Гаршин выскочил на площадку лестницы, поставил Аню на ноги, прижал ее спиной к холодной стенке округлого выступа и, больно стиснув в ладонях ее голову, начал целовать ее побледневшее лицо и губы:
— Сумасшедшая... Дразнишь?.. Нарочно?.. Я тебя люблю, мы немедленно поедем ко мне, слышишь?
С силой оттолкнув его, она взбежала по ступеням наверх. Села на гранитную скамью, заправила под шапочку растрепавшиеся волосы. Пусто было на набережной, пусто и холодно. Аня почувствовала себя одинокой и потерянной, хоть плачь.
— Вы меня чуть не утопили, — проворчал Гаршин, поднявшись вслед за нею и отжимая брюки; одна нога его была мокра почти до колена.
Я бы сама выбралась, — виновато сказала Аня. Она с любопытством вглядывалась в выражение его лица. Только что он бросился спасать ее (значит, я ему действительно дорога?), только что яростно целовал ее и говорил «люблю» («люблю тебя»... «ты»... как это нелепо — сразу переходить на «ты»!)... Но вот она оттолкнула его, и он разозлился, и чувствует только холод, и, наверно, как все очень здоровые люди, боится простуды.
— Ну, пошли, а то и ревматизм схватить недолго! — позвал он, стараясь сдержать раздражение.
Они почти бежали с набережной в боковые улицы, где было не так ветрено. Аня сама ускоряла шаг, ей совсем не хотелось, чтобы он заболел из-за ее безрассудной выходки. Быстрая ходьба согрела его и успокоила.

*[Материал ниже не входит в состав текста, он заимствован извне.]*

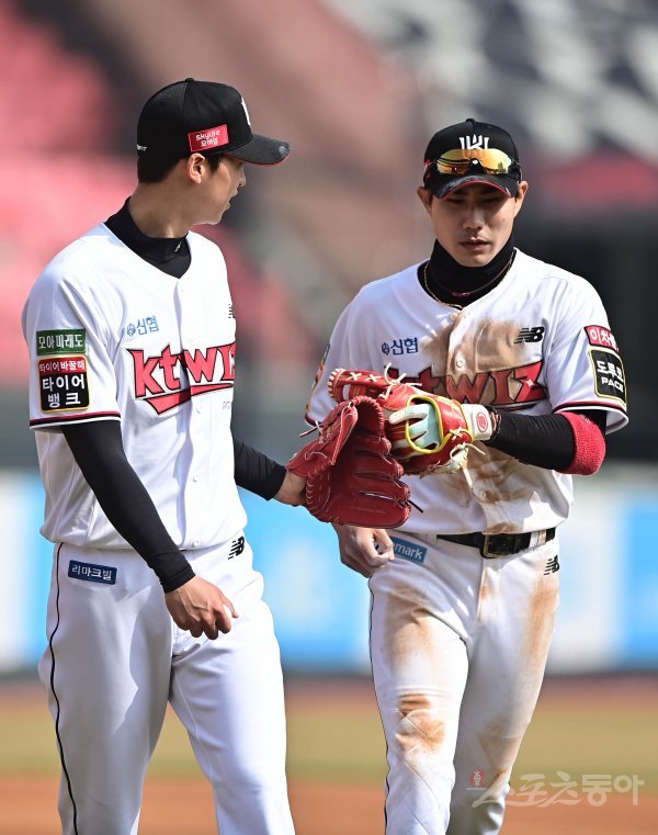 15일 경기도 수원KT위즈파크에서 열린 ‘2022 KBO 리그’ KT 위즈와 두산 베어스의 시범경기에서 4회초 수비를 마친 KT 엄상백과 심우준이 글러브를 맞대고 있다.

— Подождем двойку, — сказал он, уверенно останавливая Аню на автобусной остановке. — Доедем до самого дома.
Промолчав, она с удивлением огляделась. На этой самой остановке она стояла сегодня днем с Алексеем Полозовым. Настроение было такое ясное, радостное, и вся жизнь казалась ей тогда чистой, умной, значительной... Почему же сейчас она очутилась здесь снова с такой горькой сумятицей в душе, и рядом с нею человек, который только что целовал ее и все-таки совсем не любит ее, а так — приглянулась женщина, раздразнила его самолюбие, и все-таки она едет к нему, все-таки едет, потому что одиночество душит... А все, что думалось днем, — мечты? Бредни?..
Два ярких огонька вынырнули из-за угла. Гаршин подсадил Аню в автобус, вскочил следом, расстегнул бекешу, доставая бумажник.
— Я раздумала, до свиданья! — вдруг решившись, крикнула Аня, рванула закрывающуюся дверцу и соскочила на мостовую.
За стеклом удалявшегося автобуса метался Гаршин, пытаясь открыть дверцу.
Аня вздрогнула от холода, оказавшись одна на пустынной ночной улице. Над рядами темных домов, где уже погасли огни, открылось ее внимательным глазам нетемнеющее северное небо. Она съежилась в своем слишком легком пальто и утомленно улыбнулась.